The letter, a four-page list of the legislators’ concerns with commission proposals for both energy storage and shared solar regulations, also issued a veiled rebuke of SCC’s approach: The bills, lawmakers asserted, “were intended to open competition for new entrants, and not simply make incremental changes that largely maintain the status quo.”
Of particular concern to many industry players are the permitting requirements regulators have proposed for non-utility companies to build storage. An early recommendation by SCC staff that would have required any project larger than 100 kilowatts to undergo a rigorous permitting process led by the commission provoked a strong backlash.
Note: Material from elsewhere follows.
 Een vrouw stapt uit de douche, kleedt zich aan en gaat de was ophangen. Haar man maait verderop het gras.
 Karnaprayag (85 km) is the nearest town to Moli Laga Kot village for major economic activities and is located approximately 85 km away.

The Virginia Department of Mines, Minerals and Energy said the low threshold imposed “onerous” requirements on a wide swath of projects, while the Southern Environmental Law Center labeled it “a transparent attempt to ensure non-utility storage is never built in Virginia.”
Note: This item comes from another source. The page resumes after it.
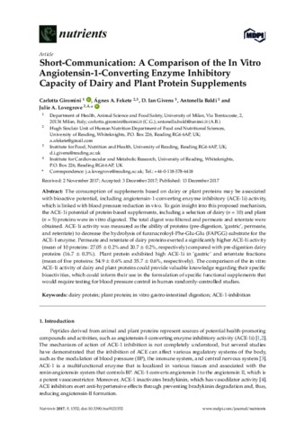 Giromini, C., Fekete, Á. A., Givens, D. I. orcid id iconORCID: https://orcid.org/0000-0002-6754-6935, Baldi, A. and Lovegrove, J. A. orcid id iconORCID: https://orcid.org/0000-0001-7633-9455 (2017) Short-communication: a comparison of the in vitro angiotensin-1-converting enzyme inhibitory capacity of dairy and plant protein supplements. Nutrients, 9 (12). 1352. ISSN 2072-6643 doi: 10.3390/nu9121352

Dominion, for its part, said the 100 kilowatt threshold was reasonable and consistent with a threshold set by regional electric transmission organization PJM for projects to sell power into wholesale markets.
This November, commission staff conceded the 100 kilowatt threshold might be too low and bumped their recommendation up to one megawatt — still far lower than what many advocates sought. But they held tight to many of the permitting requirements, stating that while “certain aspects may be perceived as burdensome, they are intended to ensure that developers seeking to operate within the commonwealth will operate safely, will not negatively impact the reliability of the electric power system and will be ethically responsible in their interactions with Virginia consumers.”
That sense of caution is also evident elsewhere. The Rural Solar Development Coalition that convened last year in response to a flurry of solar applications in Southside and Tidewater Virginia is also beginning to eye storage as the “next wave” of the renewables transition, said Halifax County Administrator Scott Simpson.
“We want to be sure that our localities are prepared and understand what storage means, and if any of us were to be proposed a storage facility, what questions are there,” he said.